__DESCRIPTION OF THE TASK__. With pictures left out, copy exactly every line from the one containing "00:00 The first" through the end of the material.

__DATA PROVIDED__.
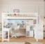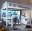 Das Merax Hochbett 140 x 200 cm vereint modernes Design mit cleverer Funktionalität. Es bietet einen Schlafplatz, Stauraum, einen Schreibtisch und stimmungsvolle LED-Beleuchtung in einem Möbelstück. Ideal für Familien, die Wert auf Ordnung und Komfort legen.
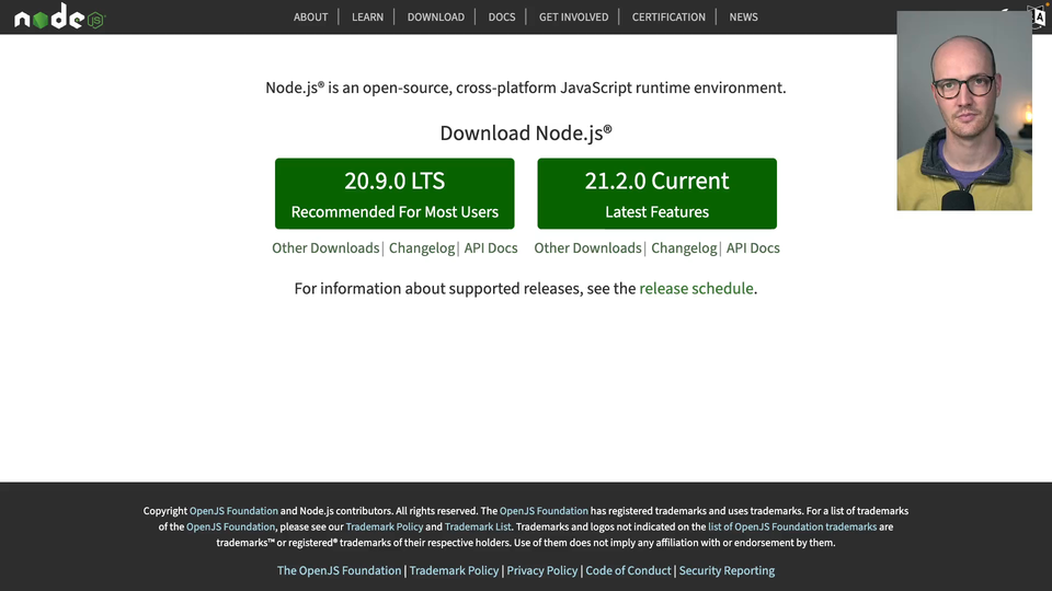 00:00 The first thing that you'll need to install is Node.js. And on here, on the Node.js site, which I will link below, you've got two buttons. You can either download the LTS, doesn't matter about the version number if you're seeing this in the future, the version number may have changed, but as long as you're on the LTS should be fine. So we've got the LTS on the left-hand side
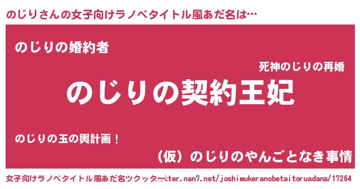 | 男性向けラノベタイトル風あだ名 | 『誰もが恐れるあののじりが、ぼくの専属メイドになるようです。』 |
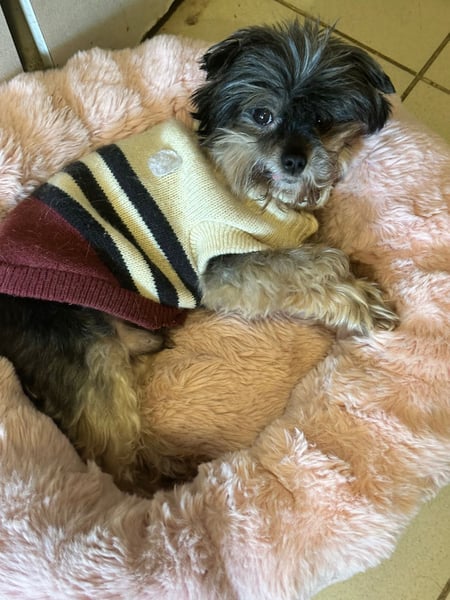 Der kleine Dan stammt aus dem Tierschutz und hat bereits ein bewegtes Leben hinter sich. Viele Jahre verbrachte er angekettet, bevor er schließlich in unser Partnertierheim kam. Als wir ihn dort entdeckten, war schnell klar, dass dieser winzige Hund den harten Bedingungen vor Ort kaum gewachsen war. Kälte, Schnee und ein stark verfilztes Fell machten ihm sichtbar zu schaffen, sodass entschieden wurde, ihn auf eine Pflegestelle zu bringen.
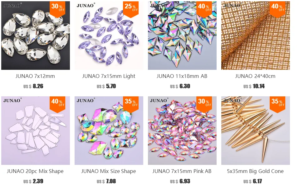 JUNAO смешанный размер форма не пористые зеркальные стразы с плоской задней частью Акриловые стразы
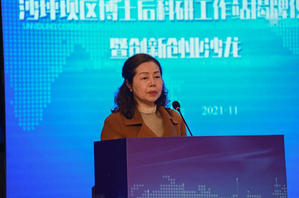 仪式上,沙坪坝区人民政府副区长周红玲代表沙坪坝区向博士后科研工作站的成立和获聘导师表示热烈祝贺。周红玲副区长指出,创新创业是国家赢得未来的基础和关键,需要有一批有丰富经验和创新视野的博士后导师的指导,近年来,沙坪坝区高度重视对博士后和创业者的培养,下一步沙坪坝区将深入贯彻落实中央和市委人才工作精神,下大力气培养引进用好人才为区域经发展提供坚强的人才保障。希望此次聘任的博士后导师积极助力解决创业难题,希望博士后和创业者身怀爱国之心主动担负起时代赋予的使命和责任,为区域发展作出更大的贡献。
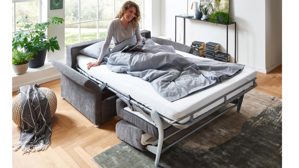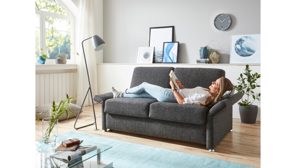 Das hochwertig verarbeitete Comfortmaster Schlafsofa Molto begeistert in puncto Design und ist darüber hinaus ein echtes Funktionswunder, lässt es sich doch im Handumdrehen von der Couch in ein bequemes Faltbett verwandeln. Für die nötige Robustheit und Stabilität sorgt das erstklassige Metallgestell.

__TASK ANSWER__.
 00:00 The first thing that you'll need to install is Node.js. And on here, on the Node.js site, which I will link below, you've got two buttons. You can either download the LTS, doesn't matter about the version number if you're seeing this in the future, the version number may have changed, but as long as you're on the LTS should be fine. So we've got the LTS on the left-hand side
 | 男性向けラノベタイトル風あだ名 | 『誰もが恐れるあののじりが、ぼくの専属メイドになるようです。』 |
 Der kleine Dan stammt aus dem Tierschutz und hat bereits ein bewegtes Leben hinter sich. Viele Jahre verbrachte er angekettet, bevor er schließlich in unser Partnertierheim kam. Als wir ihn dort entdeckten, war schnell klar, dass dieser winzige Hund den harten Bedingungen vor Ort kaum gewachsen war. Kälte, Schnee und ein stark verfilztes Fell machten ihm sichtbar zu schaffen, sodass entschieden wurde, ihn auf eine Pflegestelle zu bringen.
 JUNAO смешанный размер форма не пористые зеркальные стразы с плоской задней частью Акриловые стразы
 仪式上,沙坪坝区人民政府副区长周红玲代表沙坪坝区向博士后科研工作站的成立和获聘导师表示热烈祝贺。周红玲副区长指出,创新创业是国家赢得未来的基础和关键,需要有一批有丰富经验和创新视野的博士后导师的指导,近年来,沙坪坝区高度重视对博士后和创业者的培养,下一步沙坪坝区将深入贯彻落实中央和市委人才工作精神,下大力气培养引进用好人才为区域经发展提供坚强的人才保障。希望此次聘任的博士后导师积极助力解决创业难题,希望博士后和创业者身怀爱国之心主动担负起时代赋予的使命和责任,为区域发展作出更大的贡献。
 Das hochwertig verarbeitete Comfortmaster Schlafsofa Molto begeistert in puncto Design und ist darüber hinaus ein echtes Funktionswunder, lässt es sich doch im Handumdrehen von der Couch in ein bequemes Faltbett verwandeln. Für die nötige Robustheit und Stabilität sorgt das erstklassige Metallgestell.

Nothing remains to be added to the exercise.